_Required work_. The response should consist of every line below, restated exactly, with no pictures.

_Collected data_.

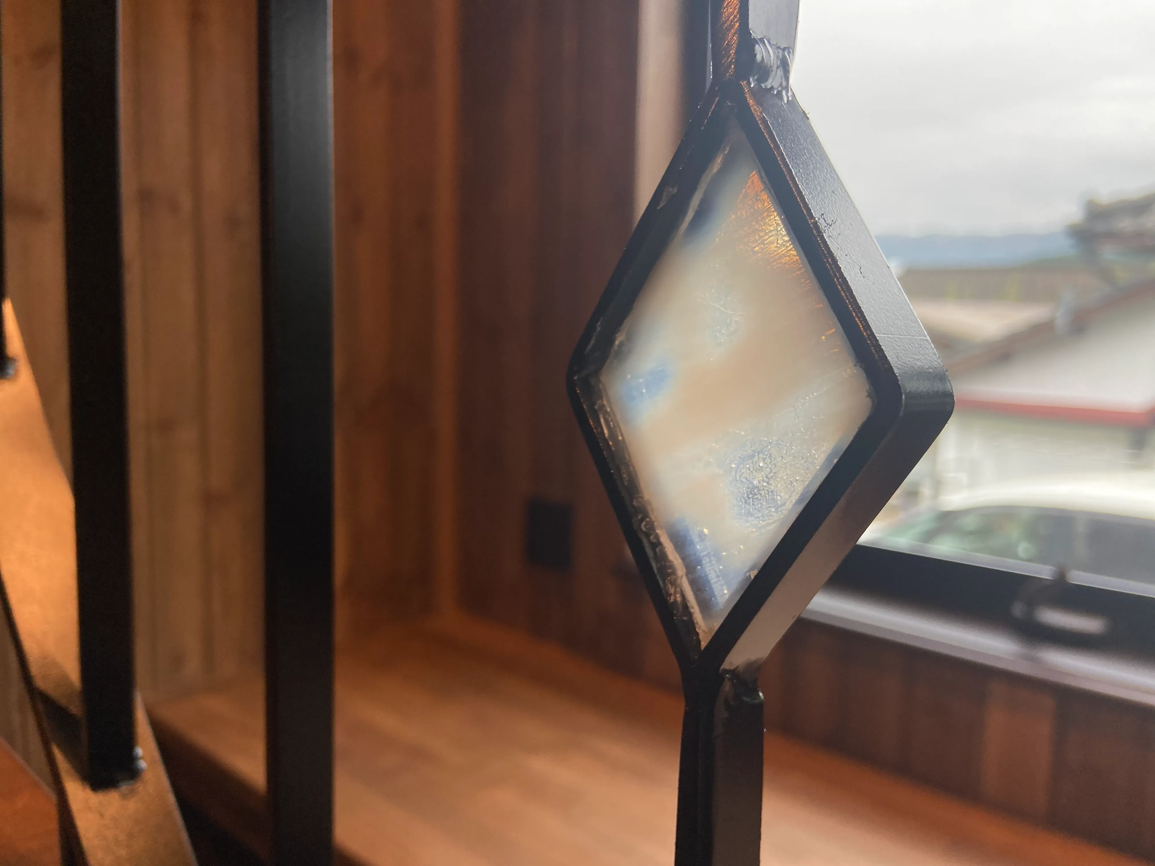 また、お施主様こだわりのステンドグラス照明や扉、手すりのアイアンが設けられ、無垢材を使った空間の中に優しく柔らかな色彩のアクセントが生きています。
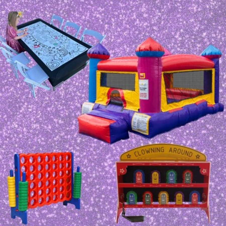 Save $100 with our Party Package! In this package you receive a (Dry Only) Mini Bounce House with a Ball Pit, Childrens Coloring Table, Table Top Clown Carnival Game and Jump 4-To-Score Game.
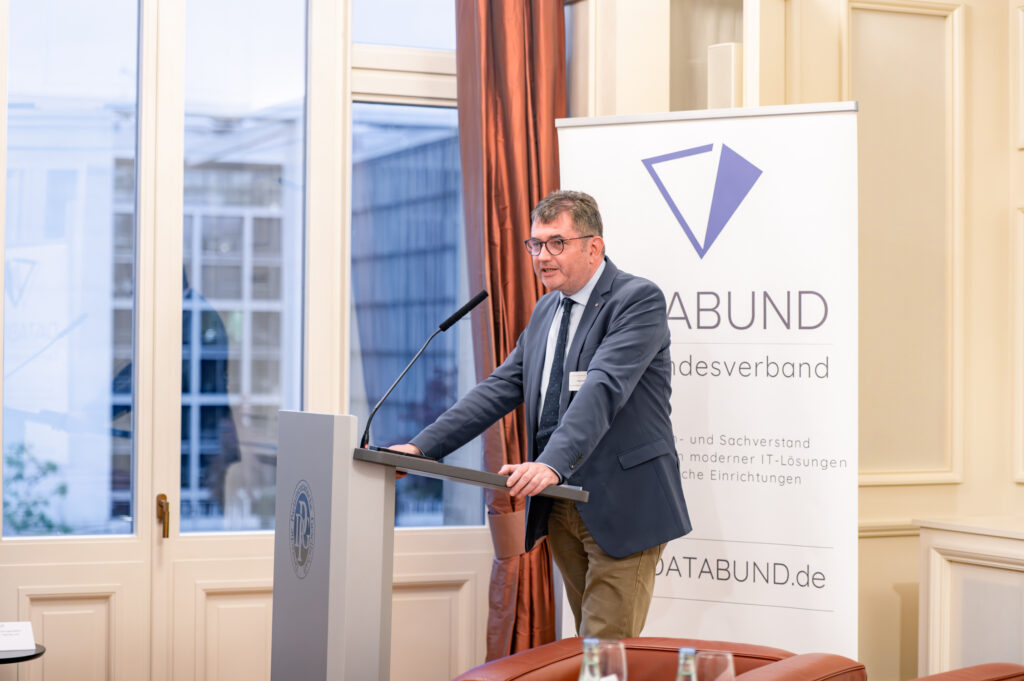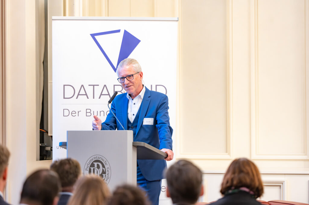 Der DATABUND e.V. hat am 09.10.2025 die 3. Parlamentarische Digitalnacht veranstaltet. Unter Schirmherrschaft von Dr. Markus Reichel (CDU) konnte die Veranstaltung wie im vergangenen Jahr wieder in der Deutschen Parlamentarischen Gesellschaft (DPG) durchgeführt werden. Das Interesse seitens der Abgeordneten und DATABUND-Mitgliedern war groß. Der Kaisersaal war voll besetzt. Die Panels und Keynotes haben dabei wieder viele Bereiche der Verwaltungsdigitalisierung betrachtet. So wurden Themen wie die Registermodernisierung, EUDI-Wallet und digitale Identitäten behandelt. Weiterhin ging es auch um Zukunftsfragen und Eckpunkte der modernen Verwaltung. Nach der Keynote von der Staatssekretärin Prof. Dr. Luise Hölscher (Bundesministerium für Digitales und Staatsmodernisierung), diskutierte Wirtschaft, Wissenschaft und Politik in zwei folgenden Panels die Verwaltungsdigitalisierung.
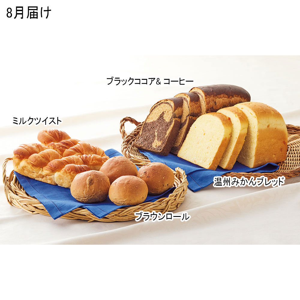 2026年8月:ブラックココア& コーヒー(360g×1個)、温州みかんブレッド(400g×1個)、ミルクツイスト(93g×2個)、ブラウンロール(30g×4個)

_Solution to this problem_.
 また、お施主様こだわりのステンドグラス照明や扉、手すりのアイアンが設けられ、無垢材を使った空間の中に優しく柔らかな色彩のアクセントが生きています。
 Save $100 with our Party Package! In this package you receive a (Dry Only) Mini Bounce House with a Ball Pit, Childrens Coloring Table, Table Top Clown Carnival Game and Jump 4-To-Score Game.
 Der DATABUND e.V. hat am 09.10.2025 die 3. Parlamentarische Digitalnacht veranstaltet. Unter Schirmherrschaft von Dr. Markus Reichel (CDU) konnte die Veranstaltung wie im vergangenen Jahr wieder in der Deutschen Parlamentarischen Gesellschaft (DPG) durchgeführt werden. Das Interesse seitens der Abgeordneten und DATABUND-Mitgliedern war groß. Der Kaisersaal war voll besetzt. Die Panels und Keynotes haben dabei wieder viele Bereiche der Verwaltungsdigitalisierung betrachtet. So wurden Themen wie die Registermodernisierung, EUDI-Wallet und digitale Identitäten behandelt. Weiterhin ging es auch um Zukunftsfragen und Eckpunkte der modernen Verwaltung. Nach der Keynote von der Staatssekretärin Prof. Dr. Luise Hölscher (Bundesministerium für Digitales und Staatsmodernisierung), diskutierte Wirtschaft, Wissenschaft und Politik in zwei folgenden Panels die Verwaltungsdigitalisierung.
 2026年8月:ブラックココア& コーヒー(360g×1個)、温州みかんブレッド(400g×1個)、ミルクツイスト(93g×2個)、ブラウンロール(30g×4個)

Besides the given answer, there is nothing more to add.